I'm working on a project where we observe behaviour on a task (eg. response time) and model this behaviour as a function of several experimentally manipulated variables as well as several observed variable (participant sex, participant IQ, responses on a follow-up questionnaire). I don't have concerns about multicollinearity amongst the experimental variables because they were specifically manipulated to be independent, but I am concerned about the observed variables. However, I'm unsure how to assess independence amongst the observed variables, partially because I seem to get somewhat different results depending on how I set up the assessent, and also because I'm not very familiar with correlation in the context where one or both variables are dichotomous.

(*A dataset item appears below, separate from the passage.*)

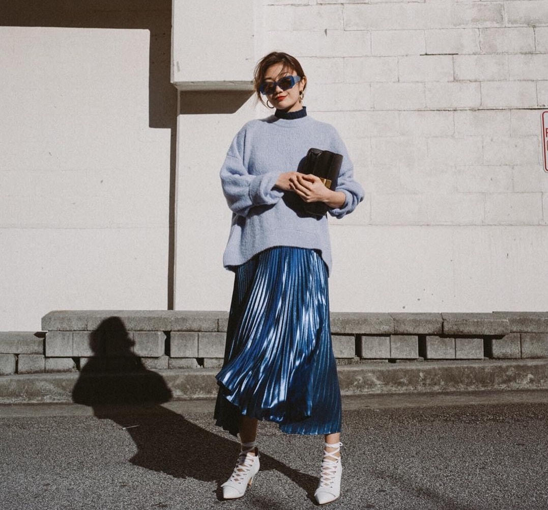 Mẫu chân váy xếp ly mang tông màu xanh, vải lụa chính là điểm nhấn sang trọng của cả set trang phục. Chiếc áo len xanh pastel đã tăng thêm sự trẻ trung cho outfit, mà vẫn đồng điệu với chân váy xếp ly. Công thức trên không hề kén dáng, chị em nào cũng có thể mặc đẹp.

For example, here are two different approaches to determining if sex is independent of IQ. I'm not a fan of null hypothesis significance testing, so in both approaches I build two models, one with a relationship and one without, then compute and AIC-corrected log likelihood ratio:

m1 = lm(IQ ~ 1)
m2 = lm(IQ ~ sex)
LLR1 = AIC(m1)-AIC(m2)

m3 = glm(sex~1,family='binomial')
m4 = glm(sex~IQ,family='binomial')
LLR2 = AIC(m3)-AIC(m4)


However, these approaches yield somewhat different answers; LLR1 is about 7, suggesting strong evidence in favor of a relationship, while LLR2 is about 0.3, suggesting very weak evidence in favor of a relationship.

Furthermore, if I attempt to assess the independence between sex and another dichotomous observed variable, "yn", the resultant LLR similarly depends on whether I set up the models to predict sex from yn, or to predict yn from sex.

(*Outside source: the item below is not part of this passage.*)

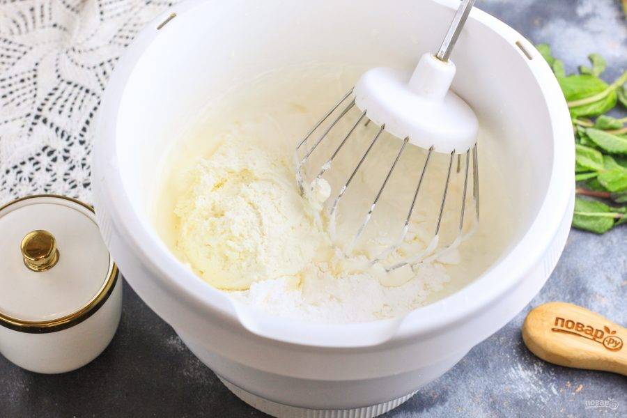 Взбейте охлажденные сливки в течение 3-4 минут до легкой густоты, затем добавьте мягкое сливочное масло, творожный сыр и сахарную пудру. Взбейте еще 2-3 минуты, влив сок лимона.

Any suggestions on why these differences are arising and how to most reasonably proceed?

• Is seq in your code a typo for sex? If you've copy-pasted your analysis code, that might be part of the problem.. – onestop Mar 9 '11 at 18:26
• oops, that's just a typo in the code I included above. In my actual code I didn't have the typo. Thanks for catching this though. – Mike Lawrence Mar 9 '11 at 18:54

I think you are trying to interpret P(A|B) and P(B|A) as if they should be the same thing. There is no reason for them to be equal, because of the product rule:

$$P(AB)=P(A|B)P(B)=P(B|A)P(A)$$

unless $P(B)=P(A)$ then $P(A|B) \neq P(B|A)$ in general. This explains the difference in the "yn" case. Unless you have a "balanced" table (row totals equal to column totals), the conditional probabilities (row and column) will not be equal.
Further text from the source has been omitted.